___ Data extracts ___

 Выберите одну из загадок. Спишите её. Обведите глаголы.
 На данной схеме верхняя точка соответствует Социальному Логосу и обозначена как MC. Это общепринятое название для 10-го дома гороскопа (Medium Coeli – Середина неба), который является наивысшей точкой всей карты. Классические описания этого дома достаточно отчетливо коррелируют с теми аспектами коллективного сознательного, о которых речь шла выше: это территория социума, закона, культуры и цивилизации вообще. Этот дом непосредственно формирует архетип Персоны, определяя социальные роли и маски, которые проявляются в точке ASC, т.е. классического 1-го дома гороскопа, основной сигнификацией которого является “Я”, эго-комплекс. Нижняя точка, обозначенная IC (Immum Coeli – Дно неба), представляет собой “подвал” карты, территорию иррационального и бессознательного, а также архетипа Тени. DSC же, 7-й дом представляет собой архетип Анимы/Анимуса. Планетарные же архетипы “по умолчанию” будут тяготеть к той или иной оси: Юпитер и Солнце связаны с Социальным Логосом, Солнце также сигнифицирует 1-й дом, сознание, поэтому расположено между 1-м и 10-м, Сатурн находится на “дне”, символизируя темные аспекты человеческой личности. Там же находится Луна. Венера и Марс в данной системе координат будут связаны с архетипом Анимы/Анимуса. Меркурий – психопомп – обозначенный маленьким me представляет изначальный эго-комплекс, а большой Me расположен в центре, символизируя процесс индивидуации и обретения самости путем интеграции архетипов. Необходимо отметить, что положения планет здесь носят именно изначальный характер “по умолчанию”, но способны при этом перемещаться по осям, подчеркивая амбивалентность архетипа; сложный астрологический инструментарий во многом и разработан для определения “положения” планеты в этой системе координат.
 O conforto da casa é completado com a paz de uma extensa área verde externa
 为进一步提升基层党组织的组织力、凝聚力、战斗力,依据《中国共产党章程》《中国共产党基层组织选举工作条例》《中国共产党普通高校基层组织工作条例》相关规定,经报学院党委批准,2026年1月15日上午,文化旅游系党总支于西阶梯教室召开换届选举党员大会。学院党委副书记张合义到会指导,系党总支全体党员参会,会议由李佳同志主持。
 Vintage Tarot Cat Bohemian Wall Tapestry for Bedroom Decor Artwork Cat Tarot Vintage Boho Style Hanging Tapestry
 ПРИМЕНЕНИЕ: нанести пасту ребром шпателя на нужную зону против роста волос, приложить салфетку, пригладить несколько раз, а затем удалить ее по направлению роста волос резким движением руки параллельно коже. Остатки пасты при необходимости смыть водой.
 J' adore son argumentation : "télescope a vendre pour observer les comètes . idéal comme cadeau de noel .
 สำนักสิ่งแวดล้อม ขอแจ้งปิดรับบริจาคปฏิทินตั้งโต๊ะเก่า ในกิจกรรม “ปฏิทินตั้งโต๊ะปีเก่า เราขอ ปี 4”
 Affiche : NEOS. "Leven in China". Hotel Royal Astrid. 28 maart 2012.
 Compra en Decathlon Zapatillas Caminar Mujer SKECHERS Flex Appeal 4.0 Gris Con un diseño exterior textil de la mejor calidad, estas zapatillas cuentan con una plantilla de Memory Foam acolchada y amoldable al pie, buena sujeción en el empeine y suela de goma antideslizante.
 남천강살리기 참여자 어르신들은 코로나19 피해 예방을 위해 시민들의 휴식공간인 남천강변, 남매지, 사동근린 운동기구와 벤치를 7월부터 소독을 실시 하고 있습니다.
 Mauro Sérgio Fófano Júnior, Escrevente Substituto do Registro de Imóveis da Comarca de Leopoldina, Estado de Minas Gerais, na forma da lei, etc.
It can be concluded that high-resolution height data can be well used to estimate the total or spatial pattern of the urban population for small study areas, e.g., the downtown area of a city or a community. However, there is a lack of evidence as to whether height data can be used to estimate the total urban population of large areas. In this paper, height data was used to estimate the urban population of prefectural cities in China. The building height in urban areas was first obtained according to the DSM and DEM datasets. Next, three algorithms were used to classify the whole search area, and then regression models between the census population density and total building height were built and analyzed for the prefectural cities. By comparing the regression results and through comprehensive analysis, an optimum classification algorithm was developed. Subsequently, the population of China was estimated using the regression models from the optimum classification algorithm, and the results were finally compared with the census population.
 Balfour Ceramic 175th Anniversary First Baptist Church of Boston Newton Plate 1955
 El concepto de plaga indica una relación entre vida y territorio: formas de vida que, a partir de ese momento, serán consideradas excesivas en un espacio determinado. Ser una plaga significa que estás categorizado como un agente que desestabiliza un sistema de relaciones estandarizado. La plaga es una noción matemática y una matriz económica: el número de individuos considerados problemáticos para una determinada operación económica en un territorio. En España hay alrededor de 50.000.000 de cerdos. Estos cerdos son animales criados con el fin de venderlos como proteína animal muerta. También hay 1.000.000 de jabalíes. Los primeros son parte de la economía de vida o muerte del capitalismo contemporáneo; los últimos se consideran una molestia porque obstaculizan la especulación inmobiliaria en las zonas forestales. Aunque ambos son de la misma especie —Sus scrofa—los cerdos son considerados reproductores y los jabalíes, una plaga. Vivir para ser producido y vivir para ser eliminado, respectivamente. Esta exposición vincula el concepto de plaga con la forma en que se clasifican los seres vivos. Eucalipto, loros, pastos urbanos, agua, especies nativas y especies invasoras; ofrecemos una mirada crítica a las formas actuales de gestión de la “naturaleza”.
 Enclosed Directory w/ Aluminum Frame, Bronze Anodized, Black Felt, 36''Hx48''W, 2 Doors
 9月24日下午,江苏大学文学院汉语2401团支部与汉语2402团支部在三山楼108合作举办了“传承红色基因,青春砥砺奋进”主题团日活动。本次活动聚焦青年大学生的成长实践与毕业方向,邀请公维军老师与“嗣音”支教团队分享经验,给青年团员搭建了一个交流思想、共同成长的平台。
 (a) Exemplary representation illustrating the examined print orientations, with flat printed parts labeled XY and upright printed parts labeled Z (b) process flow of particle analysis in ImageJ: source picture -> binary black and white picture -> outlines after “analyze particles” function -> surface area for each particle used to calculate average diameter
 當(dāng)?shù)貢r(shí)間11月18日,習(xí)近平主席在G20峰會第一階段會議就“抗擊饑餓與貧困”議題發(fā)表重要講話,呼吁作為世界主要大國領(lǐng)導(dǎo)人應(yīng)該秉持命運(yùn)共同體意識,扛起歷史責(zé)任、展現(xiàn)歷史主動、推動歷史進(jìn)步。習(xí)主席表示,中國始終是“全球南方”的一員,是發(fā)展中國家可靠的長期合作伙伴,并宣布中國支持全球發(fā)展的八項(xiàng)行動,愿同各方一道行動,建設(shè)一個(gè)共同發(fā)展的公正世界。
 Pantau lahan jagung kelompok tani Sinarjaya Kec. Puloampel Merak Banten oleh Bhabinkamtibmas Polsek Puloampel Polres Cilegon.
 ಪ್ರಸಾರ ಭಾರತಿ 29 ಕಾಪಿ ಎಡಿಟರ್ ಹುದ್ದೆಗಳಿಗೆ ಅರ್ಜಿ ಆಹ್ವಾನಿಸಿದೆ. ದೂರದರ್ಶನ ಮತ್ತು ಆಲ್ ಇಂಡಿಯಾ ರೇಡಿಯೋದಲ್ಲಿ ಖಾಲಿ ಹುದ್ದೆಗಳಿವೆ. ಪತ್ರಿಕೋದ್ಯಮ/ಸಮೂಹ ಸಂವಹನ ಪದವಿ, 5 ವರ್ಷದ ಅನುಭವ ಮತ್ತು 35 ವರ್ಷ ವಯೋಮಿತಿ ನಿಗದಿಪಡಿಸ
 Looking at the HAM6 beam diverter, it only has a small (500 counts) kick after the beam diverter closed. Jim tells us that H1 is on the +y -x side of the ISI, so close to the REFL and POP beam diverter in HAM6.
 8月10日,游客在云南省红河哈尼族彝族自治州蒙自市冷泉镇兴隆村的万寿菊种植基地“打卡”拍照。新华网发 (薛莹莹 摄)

___

_Assignment_
Print out each record above exactly, with nothing omitted.

_Solution below_
 Выберите одну из загадок. Спишите её. Обведите глаголы.
 На данной схеме верхняя точка соответствует Социальному Логосу и обозначена как MC. Это общепринятое название для 10-го дома гороскопа (Medium Coeli – Середина неба), который является наивысшей точкой всей карты. Классические описания этого дома достаточно отчетливо коррелируют с теми аспектами коллективного сознательного, о которых речь шла выше: это территория социума, закона, культуры и цивилизации вообще. Этот дом непосредственно формирует архетип Персоны, определяя социальные роли и маски, которые проявляются в точке ASC, т.е. классического 1-го дома гороскопа, основной сигнификацией которого является “Я”, эго-комплекс. Нижняя точка, обозначенная IC (Immum Coeli – Дно неба), представляет собой “подвал” карты, территорию иррационального и бессознательного, а также архетипа Тени. DSC же, 7-й дом представляет собой архетип Анимы/Анимуса. Планетарные же архетипы “по умолчанию” будут тяготеть к той или иной оси: Юпитер и Солнце связаны с Социальным Логосом, Солнце также сигнифицирует 1-й дом, сознание, поэтому расположено между 1-м и 10-м, Сатурн находится на “дне”, символизируя темные аспекты человеческой личности. Там же находится Луна. Венера и Марс в данной системе координат будут связаны с архетипом Анимы/Анимуса. Меркурий – психопомп – обозначенный маленьким me представляет изначальный эго-комплекс, а большой Me расположен в центре, символизируя процесс индивидуации и обретения самости путем интеграции архетипов. Необходимо отметить, что положения планет здесь носят именно изначальный характер “по умолчанию”, но способны при этом перемещаться по осям, подчеркивая амбивалентность архетипа; сложный астрологический инструментарий во многом и разработан для определения “положения” планеты в этой системе координат.
 O conforto da casa é completado com a paz de uma extensa área verde externa
 为进一步提升基层党组织的组织力、凝聚力、战斗力,依据《中国共产党章程》《中国共产党基层组织选举工作条例》《中国共产党普通高校基层组织工作条例》相关规定,经报学院党委批准,2026年1月15日上午,文化旅游系党总支于西阶梯教室召开换届选举党员大会。学院党委副书记张合义到会指导,系党总支全体党员参会,会议由李佳同志主持。
 Vintage Tarot Cat Bohemian Wall Tapestry for Bedroom Decor Artwork Cat Tarot Vintage Boho Style Hanging Tapestry
 ПРИМЕНЕНИЕ: нанести пасту ребром шпателя на нужную зону против роста волос, приложить салфетку, пригладить несколько раз, а затем удалить ее по направлению роста волос резким движением руки параллельно коже. Остатки пасты при необходимости смыть водой.
 J' adore son argumentation : "télescope a vendre pour observer les comètes . idéal comme cadeau de noel .
 สำนักสิ่งแวดล้อม ขอแจ้งปิดรับบริจาคปฏิทินตั้งโต๊ะเก่า ในกิจกรรม “ปฏิทินตั้งโต๊ะปีเก่า เราขอ ปี 4”
 Affiche : NEOS. "Leven in China". Hotel Royal Astrid. 28 maart 2012.
 Compra en Decathlon Zapatillas Caminar Mujer SKECHERS Flex Appeal 4.0 Gris Con un diseño exterior textil de la mejor calidad, estas zapatillas cuentan con una plantilla de Memory Foam acolchada y amoldable al pie, buena sujeción en el empeine y suela de goma antideslizante.
 남천강살리기 참여자 어르신들은 코로나19 피해 예방을 위해 시민들의 휴식공간인 남천강변, 남매지, 사동근린 운동기구와 벤치를 7월부터 소독을 실시 하고 있습니다.
 Mauro Sérgio Fófano Júnior, Escrevente Substituto do Registro de Imóveis da Comarca de Leopoldina, Estado de Minas Gerais, na forma da lei, etc.
It can be concluded that high-resolution height data can be well used to estimate the total or spatial pattern of the urban population for small study areas, e.g., the downtown area of a city or a community. However, there is a lack of evidence as to whether height data can be used to estimate the total urban population of large areas. In this paper, height data was used to estimate the urban population of prefectural cities in China. The building height in urban areas was first obtained according to the DSM and DEM datasets. Next, three algorithms were used to classify the whole search area, and then regression models between the census population density and total building height were built and analyzed for the prefectural cities. By comparing the regression results and through comprehensive analysis, an optimum classification algorithm was developed. Subsequently, the population of China was estimated using the regression models from the optimum classification algorithm, and the results were finally compared with the census population.
 Balfour Ceramic 175th Anniversary First Baptist Church of Boston Newton Plate 1955
 El concepto de plaga indica una relación entre vida y territorio: formas de vida que, a partir de ese momento, serán consideradas excesivas en un espacio determinado. Ser una plaga significa que estás categorizado como un agente que desestabiliza un sistema de relaciones estandarizado. La plaga es una noción matemática y una matriz económica: el número de individuos considerados problemáticos para una determinada operación económica en un territorio. En España hay alrededor de 50.000.000 de cerdos. Estos cerdos son animales criados con el fin de venderlos como proteína animal muerta. También hay 1.000.000 de jabalíes. Los primeros son parte de la economía de vida o muerte del capitalismo contemporáneo; los últimos se consideran una molestia porque obstaculizan la especulación inmobiliaria en las zonas forestales. Aunque ambos son de la misma especie —Sus scrofa—los cerdos son considerados reproductores y los jabalíes, una plaga. Vivir para ser producido y vivir para ser eliminado, respectivamente. Esta exposición vincula el concepto de plaga con la forma en que se clasifican los seres vivos. Eucalipto, loros, pastos urbanos, agua, especies nativas y especies invasoras; ofrecemos una mirada crítica a las formas actuales de gestión de la “naturaleza”.
 Enclosed Directory w/ Aluminum Frame, Bronze Anodized, Black Felt, 36''Hx48''W, 2 Doors
 9月24日下午,江苏大学文学院汉语2401团支部与汉语2402团支部在三山楼108合作举办了“传承红色基因,青春砥砺奋进”主题团日活动。本次活动聚焦青年大学生的成长实践与毕业方向,邀请公维军老师与“嗣音”支教团队分享经验,给青年团员搭建了一个交流思想、共同成长的平台。
 (a) Exemplary representation illustrating the examined print orientations, with flat printed parts labeled XY and upright printed parts labeled Z (b) process flow of particle analysis in ImageJ: source picture -> binary black and white picture -> outlines after “analyze particles” function -> surface area for each particle used to calculate average diameter
 當(dāng)?shù)貢r(shí)間11月18日,習(xí)近平主席在G20峰會第一階段會議就“抗擊饑餓與貧困”議題發(fā)表重要講話,呼吁作為世界主要大國領(lǐng)導(dǎo)人應(yīng)該秉持命運(yùn)共同體意識,扛起歷史責(zé)任、展現(xiàn)歷史主動、推動歷史進(jìn)步。習(xí)主席表示,中國始終是“全球南方”的一員,是發(fā)展中國家可靠的長期合作伙伴,并宣布中國支持全球發(fā)展的八項(xiàng)行動,愿同各方一道行動,建設(shè)一個(gè)共同發(fā)展的公正世界。
 Pantau lahan jagung kelompok tani Sinarjaya Kec. Puloampel Merak Banten oleh Bhabinkamtibmas Polsek Puloampel Polres Cilegon.
 ಪ್ರಸಾರ ಭಾರತಿ 29 ಕಾಪಿ ಎಡಿಟರ್ ಹುದ್ದೆಗಳಿಗೆ ಅರ್ಜಿ ಆಹ್ವಾನಿಸಿದೆ. ದೂರದರ್ಶನ ಮತ್ತು ಆಲ್ ಇಂಡಿಯಾ ರೇಡಿಯೋದಲ್ಲಿ ಖಾಲಿ ಹುದ್ದೆಗಳಿವೆ. ಪತ್ರಿಕೋದ್ಯಮ/ಸಮೂಹ ಸಂವಹನ ಪದವಿ, 5 ವರ್ಷದ ಅನುಭವ ಮತ್ತು 35 ವರ್ಷ ವಯೋಮಿತಿ ನಿಗದಿಪಡಿಸ
 Looking at the HAM6 beam diverter, it only has a small (500 counts) kick after the beam diverter closed. Jim tells us that H1 is on the +y -x side of the ISI, so close to the REFL and POP beam diverter in HAM6.
 8月10日,游客在云南省红河哈尼族彝族自治州蒙自市冷泉镇兴隆村的万寿菊种植基地“打卡”拍照。新华网发 (薛莹莹 摄)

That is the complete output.